A 21st Theater Sustainment Command mobile team comprising logistical supply Soldiers, Department of the Army civilians and German local nationals, the Task Force Harvest team travels to units to account for and process excess equipment and supplies. The goal is to take items off a unit’s property book, referred to in Army-speak as a consolidated property list, and redistribute them to units with equipment shortages.
“We try to directly fill shortages within theater, and if not in theater, then (the Continental United States),” said Al Stapleton, logistics manager for Task Force Harvest. “All other equipment, whether sensitive or non-sensitive, goes back to (the Kaiserslautern, Germany-based, Theater Logistics Supply Center-Europe) for minor repair and inspection and then sent out to be reused by other units.”

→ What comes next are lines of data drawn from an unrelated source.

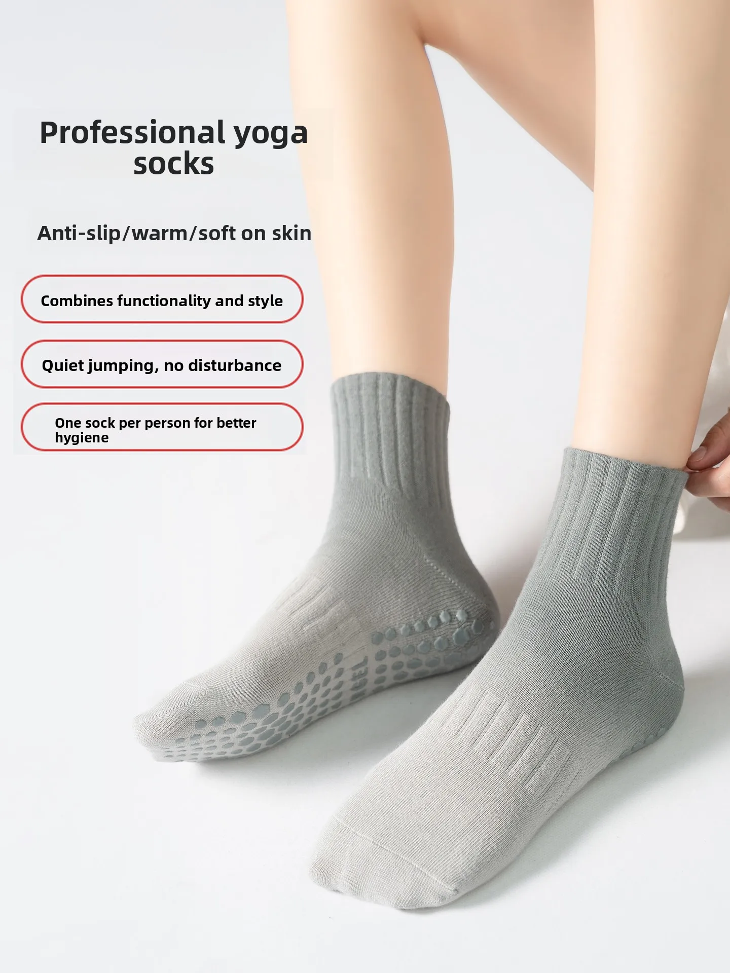 Ladies' Mid-tube Bottom Non-slip Yoga Socks Women Professional Fitness Pilates Indoor Floor Dance Socks for Gymnastic Ballet
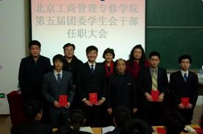 2009年12月1日下午2:30,北京工商管理专修学院第五届团委、学生会干部任职大会在新教学楼第五阶梯教室隆重召开。出席大会的领导有:学院学生工作副院长陈宝明、学院党总支办公室主任王淑珍、学院学生处处长魏绪文、团委书记冯雷。会议由团委副书记孟琼主持。全院学生干部参加大会。
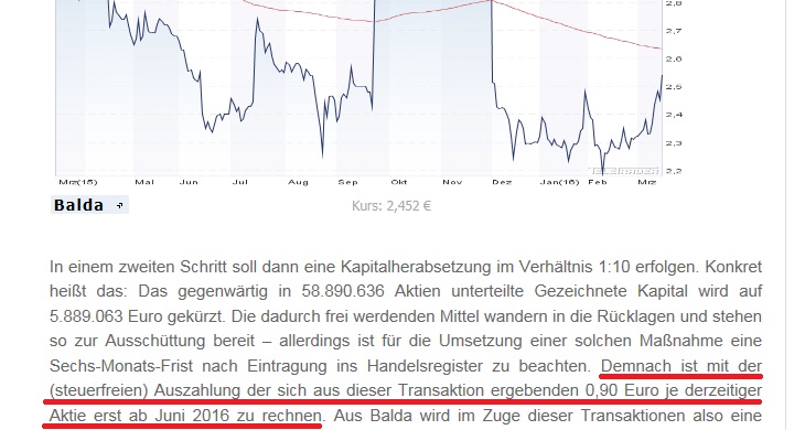 HRB 3077: Balda Aktiengesellschaft, Bad Oeynhausen, Bergkirchener Str. 228, 32549 Bad Oeynhausen. Die Hauptversammlung vom 29.01.2016 hat die Herabsetzung des Grundkapitals durch Einziehung von Aktien um 6,00 EUR beschlossen. Die Gesellschaft hat Gläubigern, deren Forderungen vor dieser Bekanntmachung begründet worden sind, Sicherheit zu leisten, soweit sie nicht Befriedigung verlangen können, wenn sie sich binnen sechs Monaten zu diesem Zweck melden.
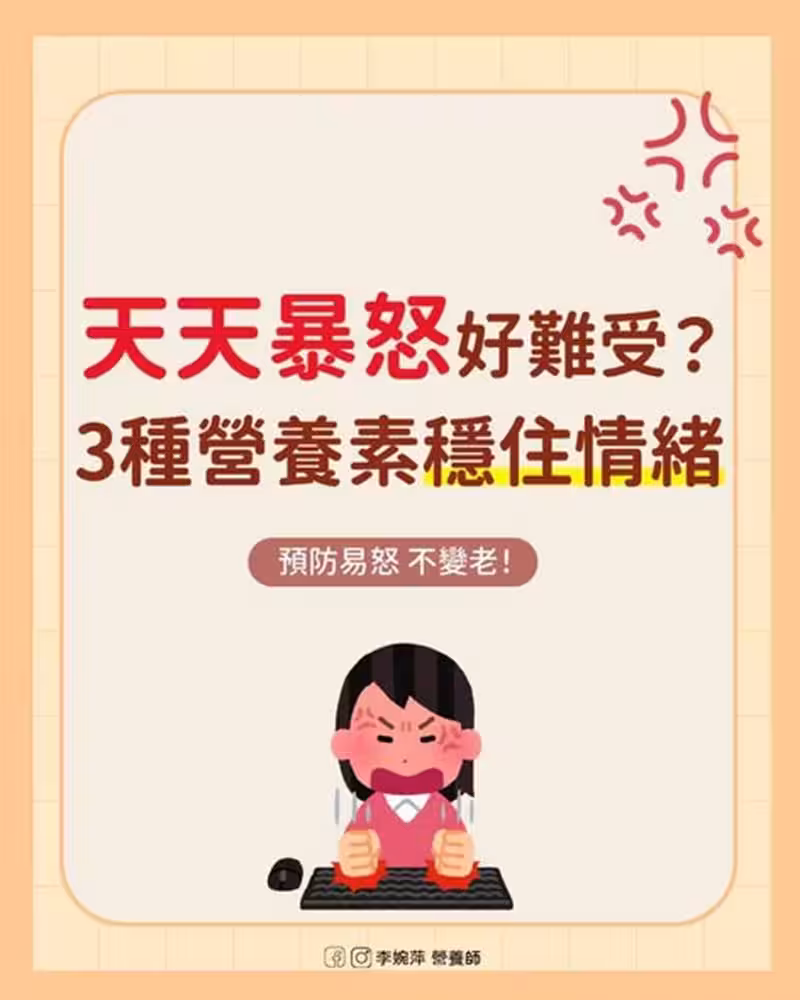 吃東西對情緒有幫助?營養師李婉萍發文指出,天天暴怒讓人相當難受,除了調整內心,也可嘗試讓「營養素」來穩住情緒、防止變老,如維生素B1(糙米中有)、維生素B3(香菇中有)等,都算容易攝取,她也透露「生氣當下營養師會衝到便利商店,買根香蕉、胚芽牛奶,邊吃邊喝邊消氣」。
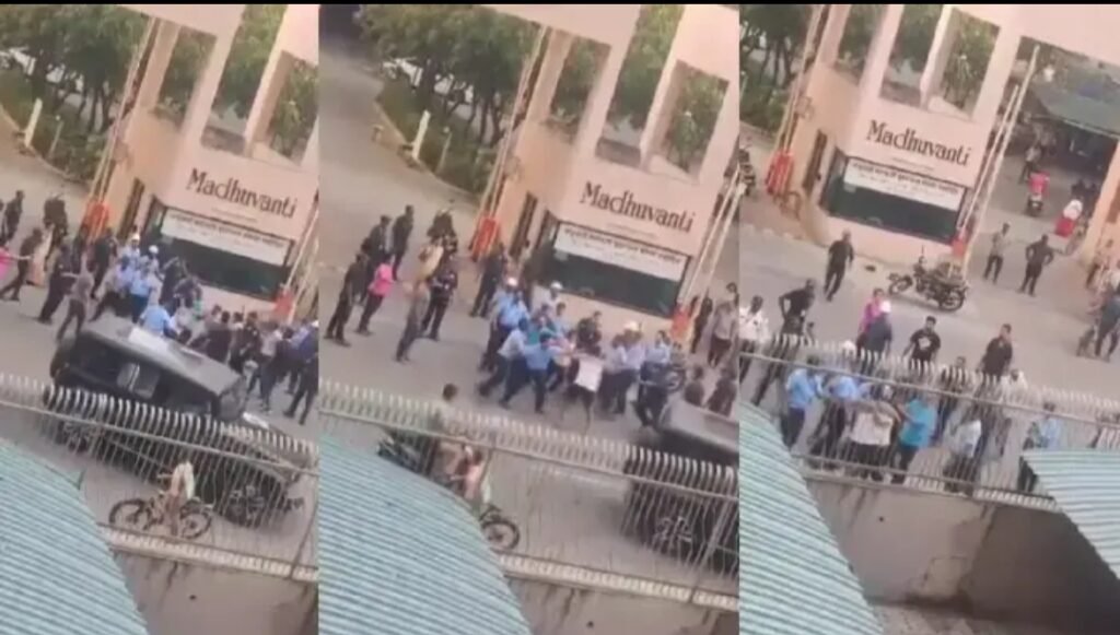 तेथे नेवरकर व आश्विनी हे वाद घालून अरेरावीची भाष करुन अंगावर धावून जात होते. तेव्हा फिर्यादी व त्यांचा मुलगा त्याचे वाद सोडविण्यासाठी गेले असता नेवरकर याने फिर्यादी यांना धक्काबुक्की करुन हाताने मारहाण केली. तेव्हा त्यांचा मुलगा फिर्यादींना वाचविण्यासाठी आला असताना तेथे असलेल्या ८ ते १० सुरक्षा रक्षकांनी फिर्यादी व ओमकार यांना लाथाबुक्क्यांनी मारहाण केली. तसेच त्यांच्या पतीस नेवरकर व आश्विनी यांनी शिवीगाळ करुन मारहाण केली. या मारामारीत त्यांचा मुलगा ओमकार याच्या डोक्याला, तोंडास व इतर ठिकाणी मार लागला. ससून रुग्णालयात उपचार केल्यानंतर त्यांनी नांदेड सिटी पोलिस ठाण्यात फिर्याद दिली आहे.

At USAG Baumholder, task force members processed 384 pieces of turned-in equipment ranging from small hand-held radios and printers to larger equipment such as Humvees and single-axle trailers.
This is not the first time the Task Force Harvest team has visited USAG Baumholder. During a week-long mission in March of this year, the task force rounded up more than 2,500 pieces of turned-in equipment valued at $11.4 million.
Task Force Harvest, first stood up in 2005 as part of a U.S. Army Europe-backed property accountability initiative, accepts all Class II (individual equipment, tentage and tool sets) and Class VII (vehicles and chemical protective suits and overboots) items.
“We are able to look at the CPLs and determine if a unit is short or excess equipment,” Stapleton said. “With that, I can pull from this unit to that unit, one warehouse to the next, to fill shortages.”
Last year, Task Force Harvest completed eight separate missions at various U.S. Army garrisons in Italy and Germany collecting approximately 25,000 items valued at more than $63 million.
This year alone, the task force has collected upwards of 5,500 equipment items at an estimated value of $46 million during missions to Bamberg, Grafenwöhr, Schweinfurt, Vilseck and twice to Baumholder.
Many of these missions target military installations with inactivating units. In the case of USAG Baumholder, the 230th Military Police Company cased its colors earlier this year, generating a requirement to account for and turn in all of their assigned equipment. Task Force Harvest assists in this process, while at the same time, dispersing Army property to other units either here in Europe or back in the U.S.
“We can connect with other units to move this property around, where it can be beneficial in another place,” said Chief Warrant Officer 2 Sonia Sanders, supply systems technician with Task Force Harvest. “We are saving the Army a lot of money.”